Факторы окружающей среды

Было признано, что ряд факторов окружающей среды либо непосредственно влияет на развитие, либо является катализатором многих аутоиммунных заболеваний. Текущие исследования показывают, что до семидесяти процентов аутоиммунных заболеваний вызваны факторами окружающей среды, включая химические вещества, инфекции, диету и дисбактериоз кишечника. Было определено, что единый набор шагов является наиболее вероятной теорией начала аутоиммунного заболевания.[27]

  1. Триггеры окружающей среды
  2. Снижение пероральной переносимости
  3. Дисбактериоз кишечника
  4. Повышенная проницаемость кишечника
  5. Повышенная иммунная реактивность
  6. Аутоиммунитет

Химические вещества можно найти в непосредственной близости от окружающей среды или в форме лекарств, в том числе: гидразины, краски для волос, трихлорэтилен, тартразины, опасные отходы и промышленные выбросы.[28]

Установлено, что УФ-излучение является возможной причиной развития дерматомиозита, вызываемого аутоиммунным заболеванием,[29] воздействие пестицидов играет роль в развитии ревматоидного артрита,[30] и витамин D оказался ключевым в предотвращении иммунных дисфункций у пожилых людей.[31] Инфекционные агенты считаются активаторами Т-клеток, что необходимо для активации аутоиммунных заболеваний. Эти механизмы относительно неизвестны, но являются одной из современных теорий, объясняющих аутоиммунные заболевания, вызванные инфекцией, такие как синдром Гийена-Барре и ревматическая лихорадка.[32]

Патофизиология

Человек иммунная система обычно производит оба Т-клетки и В-клетки которые способны реагировать на самоантигены, но эти самореактивные клетки обычно либо убиваются до того, как становятся активными в иммунной системе, помещаются в состояние анергии (незаметно удаляются от их роли в иммунной системе из-за чрезмерной активации), либо лишаются своей роли в иммунной системе. иммунная система регулирующими клетками. Когда какой-либо из этих механизмов выходит из строя, возможно наличие резервуара самореактивных клеток, которые становятся функциональными в иммунной системе. Механизмы предотвращения создания самореактивных Т-клеток осуществляются посредством процесса отрицательного отбора внутри вилочковая железа поскольку Т-клетка развивается в зрелую иммунную клетку.

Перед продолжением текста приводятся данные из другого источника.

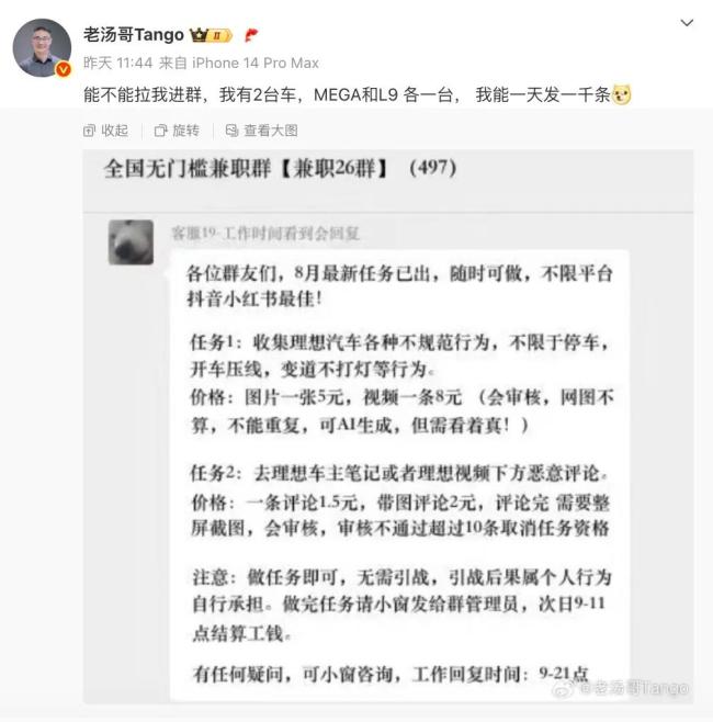 8月6日下午,理想汽车第一产品线总裁汤靖发微博曝光理想遭到黑水军抹黑。其发布的兼职群聊天截图显示,该水军兼职群中有两个任务。任务1,收集理想汽车各种不规范行为,不限于停车、开车压线、变道不打灯等,图片一张5元,视频一条8元(会审核,网图不算,不能重复,可AI生成,但需看着真);任务2,去理想车主笔记或者理想视频下方恶意评论,一条评论1.5元,带图评论2元(评论完需要整屏截图,会审核,审核不通过超过10条取消任务资格)。该任务还额外标注,完成上述任务即可,无需引战。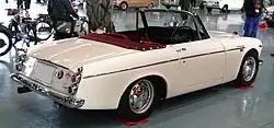 The SPL212 was introduced in 1960. This was the first Datsun sports car imported to the US. The letter L means "left hand drive". Now with steel bodywork, it was built in slightly higher volume than the S211, with 288 produced through 1961. The SPL212 was based on the Datsun 223 truck. It had a 1.2 L (1189 cc) E-series straight-4 engine producing 48 PS (35 kW; 47 hp). A 4-speed manual transmission was specified, and an a-arm suspension with torsion bars was used in front. Drum brakes were used all around. This was the first vehicle to bear the "Fairlady" name. The badge on the trunk lid was the same badge that was used on the Datsun 223 truck. It was named in reference to the Broadway musical My Fair Lady.[2] The SPL212 and later SPL213 were sold only on the export market; they were named for their engine displacement. In 1960, production of the Fairlady was moved from Yokohama to the Nissan Shatai plant in Hiratsuka.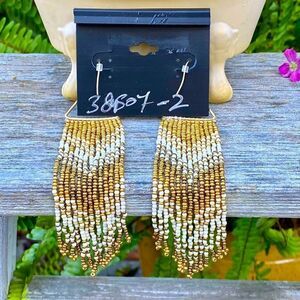 Noir Jewelry Gold & White Beaded Dangle/Fringe Earrings. New With Out Tags (NWOT)!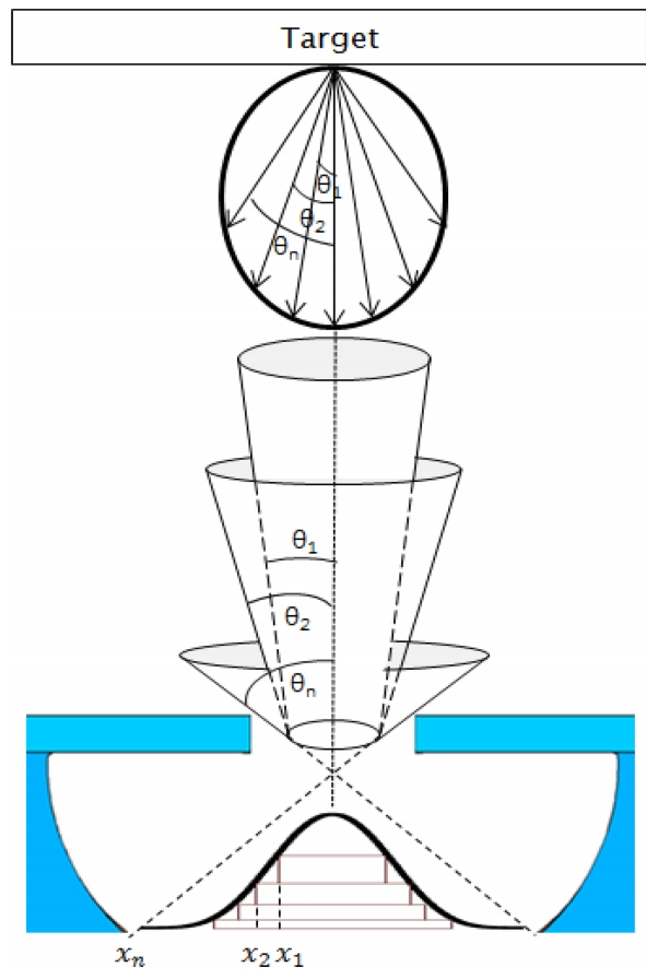 where xi is the scalar length of the vector, θ is the cone angle, a is the length of the short axis, b is the length of the long axis, and ρ is b/a. As shown Fig 1, each of the fluxes passing through the hole is deposited continuously on the bottom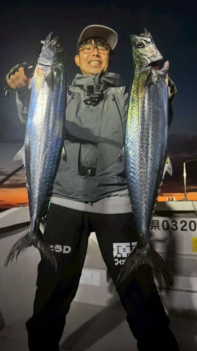 グググん!「来たーっ!!」ジジジ…ラインが少し出る。巻き合わせ!変にフッキングしない。慎重に慎重に。そして上がってきたのは60センチに届かぬサゴシ。サイズは小さくてもよく引くし、丸々太ってる。もうサイズなんかどうでもイイ!やっと釣れた貴重な一匹。魚との出合いにも、船長との出会いにも感謝。全てご縁!この後1匹追加して楽しく今シーズンのサワラを終えることができました。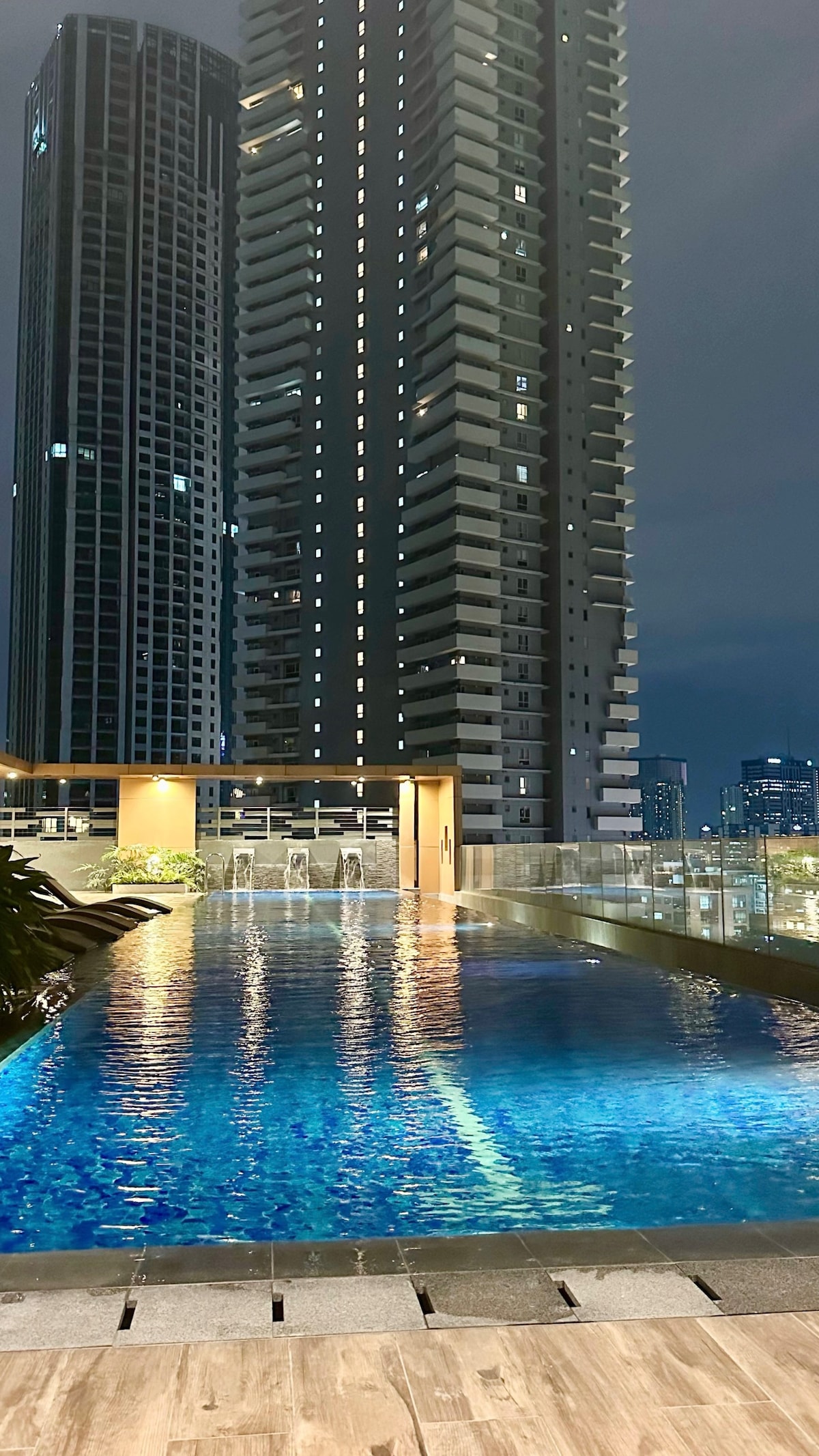 Escape to a high-floor suite with breathtaking BGC skyline views, cinematic JBL surround sound, and a 55-inch Full 4K Smart TV with LED mood lighting—your ultimate movie night haven. Take in the scenery with high-grade binoculars, then sink into the ultra-comfy Emma® Cloud-Bed for a perfect night’s sleep. Far from city noise yet close to everything, enjoy fast WiFi, Netflix, Disney+ and more! Truly a fully equipped space for a seamless, unforgettable staycation experience with Cinema 27!

Некоторые инфекции, такие как Campylobacter jejuni, имеют антигены которые похожи (но не идентичны) на наши собственные молекулы. В этом случае нормальный иммунный ответ на C. jejuni может привести к выработке антител, которые также в меньшей степени реагируют с ганглиозидами миелиновой оболочки, окружающей аксоны периферических нервов (т. е. Гийен-Барре ). Основное понимание лежащей в основе патофизиологии аутоиммунных заболеваний заключалось в применении полногеномных ассоциативных сканирований, которые выявили степень генетического сходства аутоиммунных заболеваний.[33]

Аутоиммунитет, с другой стороны, это наличие аутореактивного иммунного ответа (например, аутоантитела, аутореактивных Т-клеток) с повреждением или патологией в результате этого или без них.[34] Это может быть ограничено определенными органы (например, в аутоиммунный тиреоидит ) или затрагивают конкретную ткань в разных местах (например, Болезнь Гудпасчера что может повлиять на базальная мембрана в обоих легкое и почка ).

Существует множество теорий о том, как возникает аутоиммунное заболевание. Некоторые распространенные из них перечислены ниже.

Диагностика

Чтобы заболевание считалось аутоиммунным заболеванием, оно должно отвечать на Постулаты Витебского (впервые сформулировано Эрнест Витебски и его коллеги в 1957 г. и модифицированы в 1994 г.):[35][36]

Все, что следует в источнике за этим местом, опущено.